(Stored dataset items)
□ □ □ □

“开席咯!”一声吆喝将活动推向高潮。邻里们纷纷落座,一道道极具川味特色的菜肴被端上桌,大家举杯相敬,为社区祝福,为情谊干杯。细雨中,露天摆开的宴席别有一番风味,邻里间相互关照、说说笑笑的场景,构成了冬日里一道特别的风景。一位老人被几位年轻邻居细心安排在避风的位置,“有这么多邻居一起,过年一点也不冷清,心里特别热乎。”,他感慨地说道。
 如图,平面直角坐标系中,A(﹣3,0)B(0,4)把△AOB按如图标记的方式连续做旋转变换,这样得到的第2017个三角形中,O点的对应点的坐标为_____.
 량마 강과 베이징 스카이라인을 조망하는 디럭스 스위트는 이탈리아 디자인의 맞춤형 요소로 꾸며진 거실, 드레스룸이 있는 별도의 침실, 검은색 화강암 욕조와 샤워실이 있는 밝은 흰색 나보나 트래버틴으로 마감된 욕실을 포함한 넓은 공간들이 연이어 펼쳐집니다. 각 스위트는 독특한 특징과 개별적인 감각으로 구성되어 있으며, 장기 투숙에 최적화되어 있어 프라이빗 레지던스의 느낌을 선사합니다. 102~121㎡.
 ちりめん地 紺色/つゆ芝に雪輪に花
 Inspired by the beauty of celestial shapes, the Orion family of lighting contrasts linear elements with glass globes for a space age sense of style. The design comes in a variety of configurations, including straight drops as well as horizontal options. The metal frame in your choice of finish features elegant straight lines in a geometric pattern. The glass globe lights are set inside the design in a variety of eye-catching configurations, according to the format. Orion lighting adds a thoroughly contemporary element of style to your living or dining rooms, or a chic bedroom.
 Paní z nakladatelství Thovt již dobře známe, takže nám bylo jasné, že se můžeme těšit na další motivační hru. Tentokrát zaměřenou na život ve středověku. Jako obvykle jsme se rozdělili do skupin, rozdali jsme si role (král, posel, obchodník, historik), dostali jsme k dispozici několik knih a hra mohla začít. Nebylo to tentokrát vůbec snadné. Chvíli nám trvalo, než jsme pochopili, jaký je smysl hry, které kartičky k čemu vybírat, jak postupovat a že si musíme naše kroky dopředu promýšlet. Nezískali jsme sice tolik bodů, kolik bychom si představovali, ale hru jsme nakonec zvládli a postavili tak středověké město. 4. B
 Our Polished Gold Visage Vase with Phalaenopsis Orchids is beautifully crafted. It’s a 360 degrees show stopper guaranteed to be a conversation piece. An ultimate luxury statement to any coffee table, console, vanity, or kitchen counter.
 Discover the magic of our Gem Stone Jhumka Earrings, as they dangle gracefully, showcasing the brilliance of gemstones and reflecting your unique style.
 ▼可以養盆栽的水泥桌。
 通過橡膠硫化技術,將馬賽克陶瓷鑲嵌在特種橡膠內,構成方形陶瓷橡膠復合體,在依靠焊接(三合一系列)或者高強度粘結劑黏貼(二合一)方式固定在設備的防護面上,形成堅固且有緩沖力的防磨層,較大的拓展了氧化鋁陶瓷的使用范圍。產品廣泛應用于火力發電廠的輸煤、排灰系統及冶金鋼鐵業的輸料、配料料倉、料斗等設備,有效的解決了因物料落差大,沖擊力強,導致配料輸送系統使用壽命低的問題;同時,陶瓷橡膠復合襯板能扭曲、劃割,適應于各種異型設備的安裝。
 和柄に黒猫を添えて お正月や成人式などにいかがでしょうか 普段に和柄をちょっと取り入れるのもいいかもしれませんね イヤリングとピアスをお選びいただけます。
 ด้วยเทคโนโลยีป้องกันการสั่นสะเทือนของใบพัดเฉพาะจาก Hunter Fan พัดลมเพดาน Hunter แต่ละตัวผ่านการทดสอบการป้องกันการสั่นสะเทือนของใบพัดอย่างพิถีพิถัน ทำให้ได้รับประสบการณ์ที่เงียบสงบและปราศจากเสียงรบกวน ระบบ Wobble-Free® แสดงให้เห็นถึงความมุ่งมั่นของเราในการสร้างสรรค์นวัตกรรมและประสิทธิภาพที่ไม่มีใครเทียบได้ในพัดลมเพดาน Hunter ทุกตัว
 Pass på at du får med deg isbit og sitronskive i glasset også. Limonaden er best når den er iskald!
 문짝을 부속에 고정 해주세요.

□ □ □ □

# Your task
Retype only the lines above between the line with "Paní z nakladatelství" and the line with "Our Polished Gold", counting those two lines as well, and keep every character as it is.

# Problem solution
 Paní z nakladatelství Thovt již dobře známe, takže nám bylo jasné, že se můžeme těšit na další motivační hru. Tentokrát zaměřenou na život ve středověku. Jako obvykle jsme se rozdělili do skupin, rozdali jsme si role (král, posel, obchodník, historik), dostali jsme k dispozici několik knih a hra mohla začít. Nebylo to tentokrát vůbec snadné. Chvíli nám trvalo, než jsme pochopili, jaký je smysl hry, které kartičky k čemu vybírat, jak postupovat a že si musíme naše kroky dopředu promýšlet. Nezískali jsme sice tolik bodů, kolik bychom si představovali, ale hru jsme nakonec zvládli a postavili tak středověké město. 4. B
 Our Polished Gold Visage Vase with Phalaenopsis Orchids is beautifully crafted. It’s a 360 degrees show stopper guaranteed to be a conversation piece. An ultimate luxury statement to any coffee table, console, vanity, or kitchen counter.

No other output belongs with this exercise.